Thanks for your timely reply. As we have already addressed in our rebuttal, data-free federated distillation is a well-recognized and active research topic, specifically designed to tackle the challenge of acquiring suitable distillation data. Regarding the privacy concerns, the related methods we cited [2][3][4] all provide corresponding solutions—for instance, by introducing differential privacy mechanisms, employing more secure generative models, or performing distillation solely on feature-level representations instead of raw data. This is indeed a well-known and classic problem, which other reviewers have also raised. However, they ultimately considered the approach and our explanation reasonable and acceptable.
We hope you can reconsider our score based on the reviewers' responses. Please feel free to reach out to us if you have any further questions. Your recognition and positive adjustment mean a great deal to us.
Thank you for your valuable suggestions and professional review.
Best wishes,
This paper proposes a feature-based ensemble federated knowledge distillation paradigm to compensate for the knowledge bias arising from heterogeneous models in federated learning. The main technique include introducing orthogonal projection technique to re-parameterize the projection layer to mitigate the knowledge bias issue. Overall, the propose technique is solid and proved to be effective via numerous experiments.

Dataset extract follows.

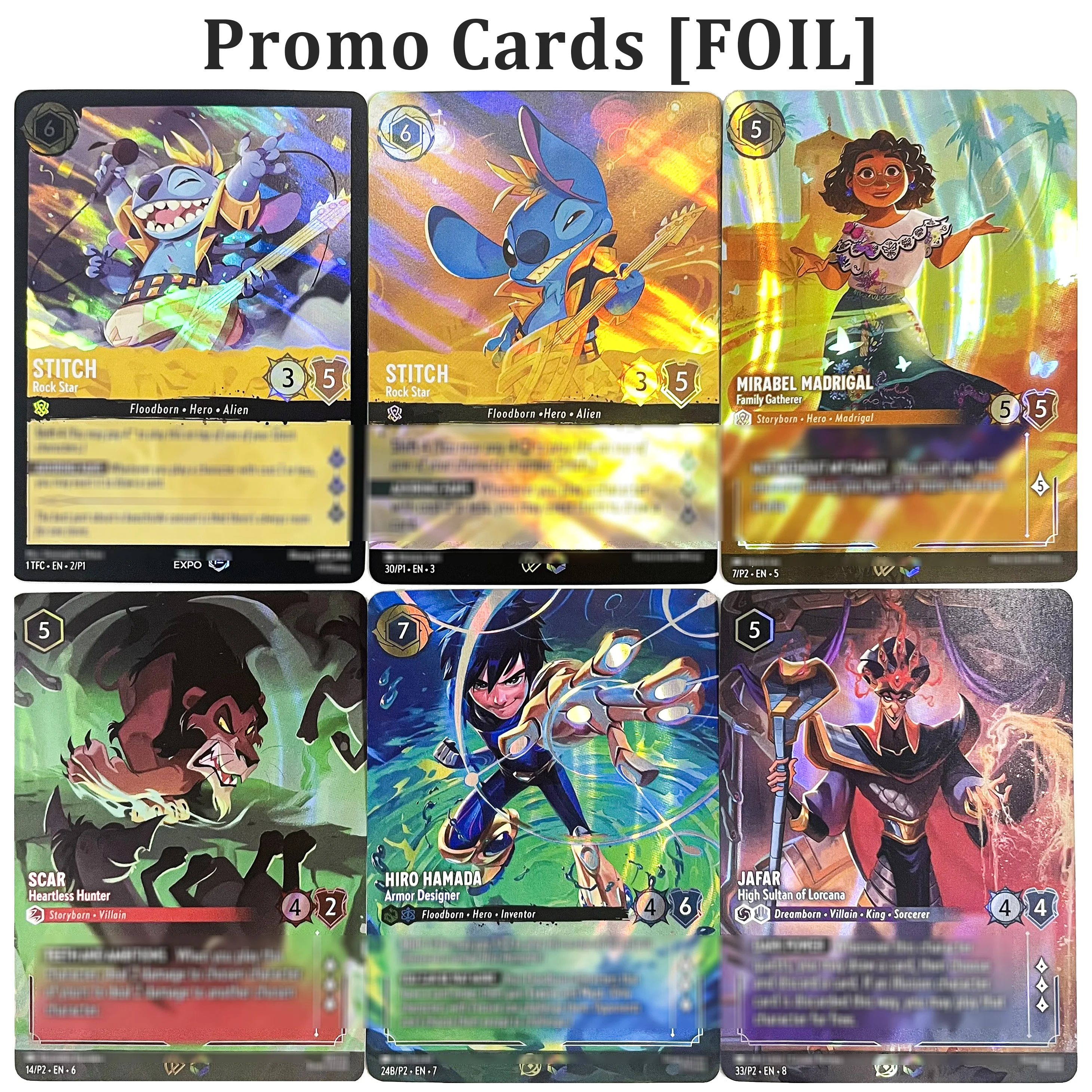 PROXY 5/6 PCS Lorcana Promo Foil Cards STITCH HIRO HAMADA SCAR MADRIGAL JAFAR TCG LORCANA Collectible Trading Game

The reviewers raised a number of questions regarding motivation, experimental design and results, lacking of theoretical analysis, and practical deployment of the method. The authors address most concerns by providing more clarifications and experimental results in the rebuttal, which most reviewers are satisfied with. There are a few concerns remained after the rebuttal, including the reasonability of using high-quality public data for training and the lack of adopting data-free methods to avoid the use of public data. While I agree these issues constitute the weakness of the paper, they are also partially resolved in the rebuttal. Two strong-supported reviewers think using public data is widely adopted and should not constitute the main weakness of the paper. Also, I believe the authors have also included supplementary validation experiments in the rebuttal to demonstrate applicability of integrating the method with existing data-free techniques, which somehow addresses the lack of adopting data-free methods issue.
Overall, this paper receives 2 strong supports and 2 borderline reviews. Given the solid method and experimental results, I propose accept of the paper, but request the authors to incorporate the additional clarifications and experimental results in the rebuttal to the final revision.